The KM670/671NL APP mutation, indigenous to Sweden (APPswe for the mutation and APPSW for the mutant allele), is located at the β-secretase site and results in increased enzymatic cleavage by β-secretase of APP and, thus, increased Aβ levels (Figures 1A and 1B).3 Individuals heterozygous for APPSW have been reported to display approximately three times higher Aβ levels in both brain and peripheral tissues, such as fibroblasts and plasma, as compared to non-mutation carriers.4, 5
Gene editing by the CRISPR/Cas9 system is currently undergoing a rapid development and has also begun to be evaluated as a therapeutic strategy in various disease models6 (reviewed in Mali and Cheng7 and Hsu et al.8). Genomic DNA sequences with certain protospacer adjacent motif (PAM) sites (NGG in the case of Streptococcus pyogenes Cas9) can be targeted with short, approximately 20-nt-long, guide RNAs (gRNAs) that both base pair with these DNA sequences as well as mediate interaction with the Cas9 enzyme.
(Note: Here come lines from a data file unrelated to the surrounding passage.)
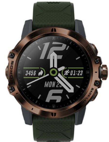
Coros Vertií GPS Watch
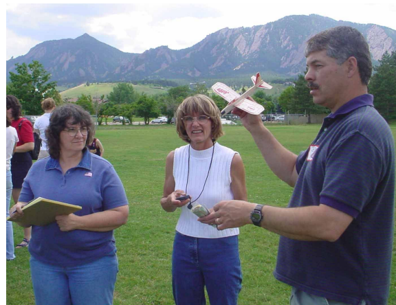
"Up, Up and Away" participant teachers explore drag, thrust and lift as they relate to flight.

Day one of the workshop focused on curricular components of lesson plans and engineering content. In later workshops, teambuilding and engineering design (with reflection on each) were added. Engineering faculty experts helped teachers delve into the curricular content by leading content lectures and hands-on activities related to the topic. Workshops also addressed current trends in assessment, both in classroom and in educational research. Late in day one, teachers split into same-grade level pairs to become familiar with the contents of a specific lesson from the curricular unit.
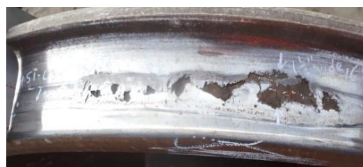
Fig. 5. Shelling wear [18]

Wheel wear by shelling is manifested by the loss of a piece of material of the wheel tread [3]. Two basic types of this form of wear can be distinguished, which differ in the formation mechanism – shelling caused by fatigue of the rolling surface material and shelling generated by a slip between the wheel and the rail [14]. This type of wear is illustrated in Fig. 5.
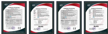
RFID Card Reader CE RFID Card Reader RoHS UHF Reader CE Certificate UHF Reader RoHS
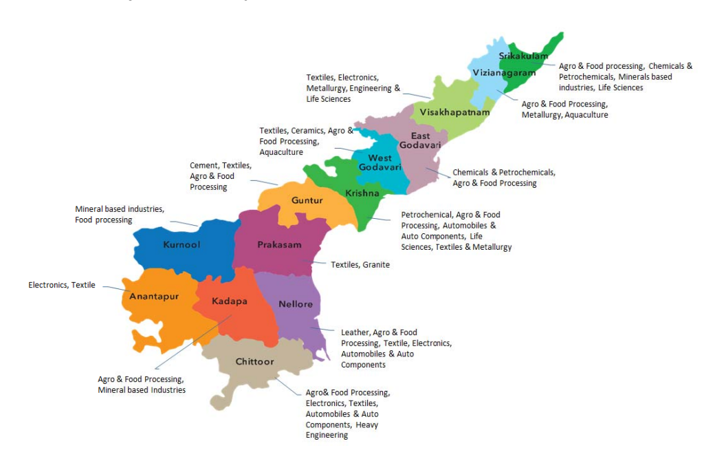
Chart 1: Sector wise major districts by output

Andhra Pradesh, over the years, has established a strong presence in agro and food processing, textiles, chemicals & petrochemicals, pharmaceuticals, metallurgy, electronics and electrical engineering sectors.
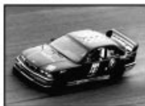
The Trans Sport BMW M3 in the Grand Am Cup race at the Rolex 24 Hours of Daytona™.
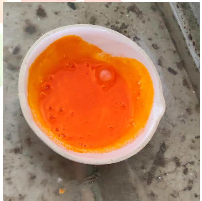
Fig No. 13 : Formulation with Pigment
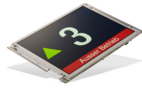
EAZ-TFT210 (10.4 INCH)
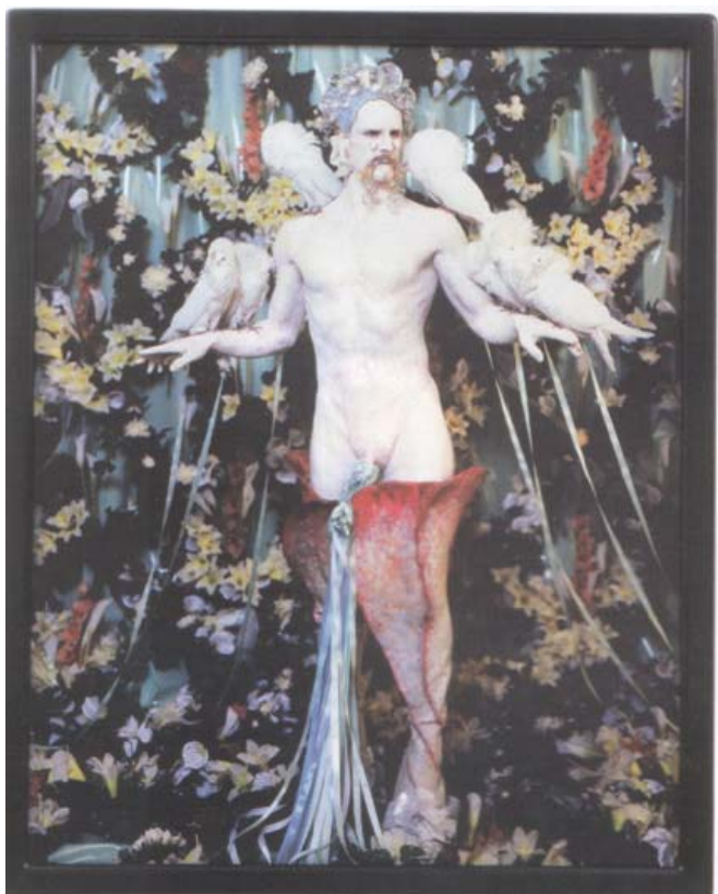
Figure 13. Invoking Shamanic devices: Presenting a persona, animal familiars, flight and mythology. Matthew Barney, Cremaster 5 (1997) Video still (Illustration Spector, N. 2002, Unpaginated).

kinds of performances. For shamans this may take the form of animism, a guardian spirit, or alternate experiential reality, which in the case of a Performance artist may be described as their alter ego. For the Performance artists, multiple personae enable them to reflect for their viewers innumerable states of mind, imagination, feeling, desire. The dressing up and changes of personae are often dazzling and fascinating. For the audience they give an opportunity to reflect on our contemporary lebenswelt . The shaman does not always expect exactly the same from his/her audience, but the adoption of changing personae and the use of a range of props is an important feature of shamanic performances.

This endonuclease then induces double-stranded DNA breaks 5′ of the PAM site that, depending on the conditions and cell type, will be repaired by cellular DNA repair pathways that include non-homologous end joining (NHEJ) and homology-directed repair (HDR).9 NHEJ is the predominant mechanism,10 which can lead to insertions or deletions (indels) at the targeted site. These indels can frequently lead to a frameshift in the coding sequence, thereby disrupting the gene expression (essentially by “knocking out” the gene).11 Thus, the combination of a targeted double-strand break and NHEJ-mediated repair constitutes a potential approach to disrupt dominantly inherited, disease-causing alleles. However, with dominant gene mutations, it will be important to ensure that disruption of the DNA sequence only occurs on the mutant and not on the wild-type allele.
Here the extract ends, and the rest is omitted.